To get a feeling for clustering algorithms we generate some clusters of atoms / points in a 2D space and associate atoms with those clusters. To identify these clusters of atoms we use a hierarchical clustering algorithm as implemented in scipy. Note that other approaches, e.g. k-means or density approximating methods could also be used. Hierarchical clustering is used here since this allows for the generation of dendrograms, which is useful for analysis.

### 1.1 Generate Atoms

In [2]:
# the random variables the positions will be drawn from
rvs = [stats.multivariate_normal(mean=[0,1], cov=[[.1,0],[0,.1]]),
       stats.multivariate_normal(mean=[3,3], cov=[[.1,0],[0,.1]]),]

# the number of positions to draw from each rv each timestep
Natoms = [[402,101],[470,500]]

# timesteps
N = 2

# boxes
all_box = [np.array([[0,5],[0,5]]),
           np.array([[0,5],[0,5]]),]

all_pos = []
for j in range(N):
    
    _pos = None
    box = all_box[j]
    
    for i in range(len(rvs)):
        if _pos is None:
            _pos = rvs[i].rvs(size=Natoms[j][i])
        else:
            _pos = np.vstack((_pos, rvs[i].rvs(size=Natoms[j][i])))
    
    _pos = atb.wrap_lammps_pos(_pos,box)
    all_pos.append(_pos)

for i, _pos in enumerate(all_pos):
    box = all_box[i]
    
    fig = plt.figure(figsize=(5,5))
    ax = fig.add_subplot(111)
    ax.set_aspect("equal")
    ax.plot(_pos[:,0], _pos[:,1],'.')
    ax.set_xlim(box[0])
    ax.set_ylim(box[1])
    ax.set_xlabel("x")
    ax.set_ylabel("y")
    ax.set_title("Time: "+str(i))
    plt.show()

<IPython.core.display.Javascript object>

<IPython.core.display.Javascript object>

### 1.2 Compute Clusters Hierarchically

In [3]:
clustering_distance = .5 # [Ang]
cluster_label = "gamma_prime"

all_cluster_statistics = []
for i,pos in enumerate(all_pos):
    #idx = np.where(all_classes[i] == cluster_label)[0]
    #pos = pos[idx,:]
    box = all_box[i]
    
    fdata = atb.fclusterdata(pos, clustering_distance, box, criterion='distance', 
                         metric='euclidean', method='single', 
                         compute_inconsistency=True)
    
    fig = plt.figure(figsize=(5,5))
    ax = fig.add_subplot(111)
    ax.set_aspect("equal")
    classes = np.unique(fdata)
    for j,c in enumerate(classes):
        _pos = pos[fdata==c,:]
        ax.plot(_pos[:,0], _pos[:,1], '.',color=plt.cm.jet(j/float(len(classes))))
    ax.set_xlim(box[0])
    ax.set_ylim(box[1])
    ax.set_xlabel("x")
    ax.set_ylabel("y")
    ax.set_title("Time: "+str(i))
    plt.show()
    
    cluster_statistics = collections.Counter(fdata).most_common() #(frequency, number of atoms)
    all_cluster_statistics.append(cluster_statistics)
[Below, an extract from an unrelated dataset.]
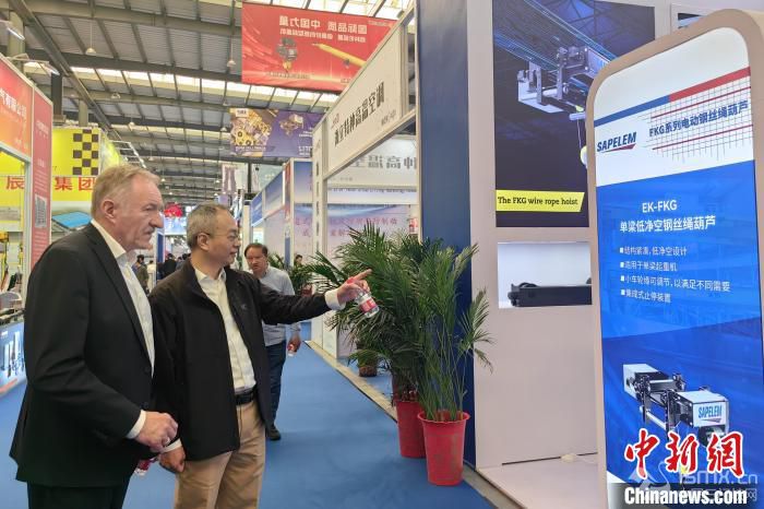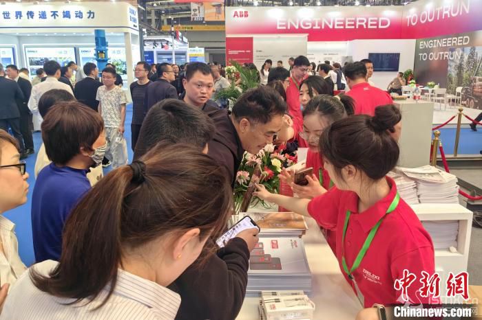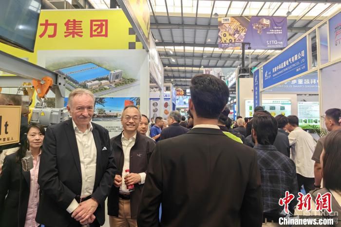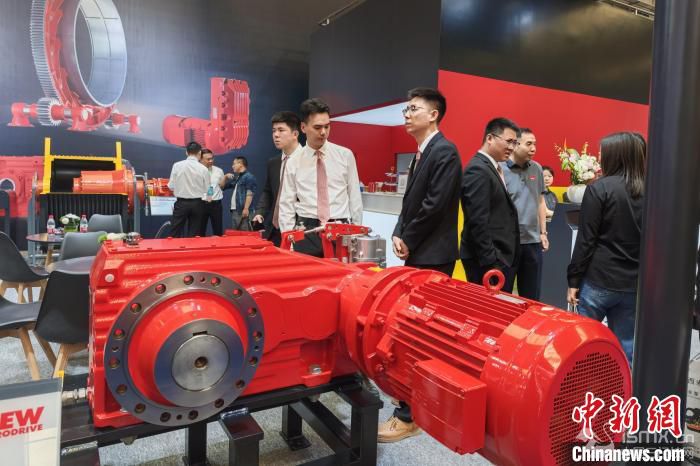 圖為外籍參會(huì)人員在展廳了解產(chǎn)品信息。中新社記者 劉鵬 攝

<IPython.core.display.Javascript object>

<IPython.core.display.Javascript object>

## 2. Cluster-Size Distribution

### 2.1 Create Cluster-Size Distributions

Next, we simulate the evolution of a cluster size distribution via Monte-Carlo by defining a transition matrix.

In [4]:
# number of atoms that can be distributed among the clusters
Natoms = 4000

# cluster sizes and initial distribution (no clusters here yet)
cluster_sizes = np.arange(7)
print("\ncluster_sizes:\n",cluster_sizes)

initial_distribution = np.zeros(cluster_sizes.shape[0])
initial_distribution[0] = 1
print("\ninitial_distribution:\n",initial_distribution)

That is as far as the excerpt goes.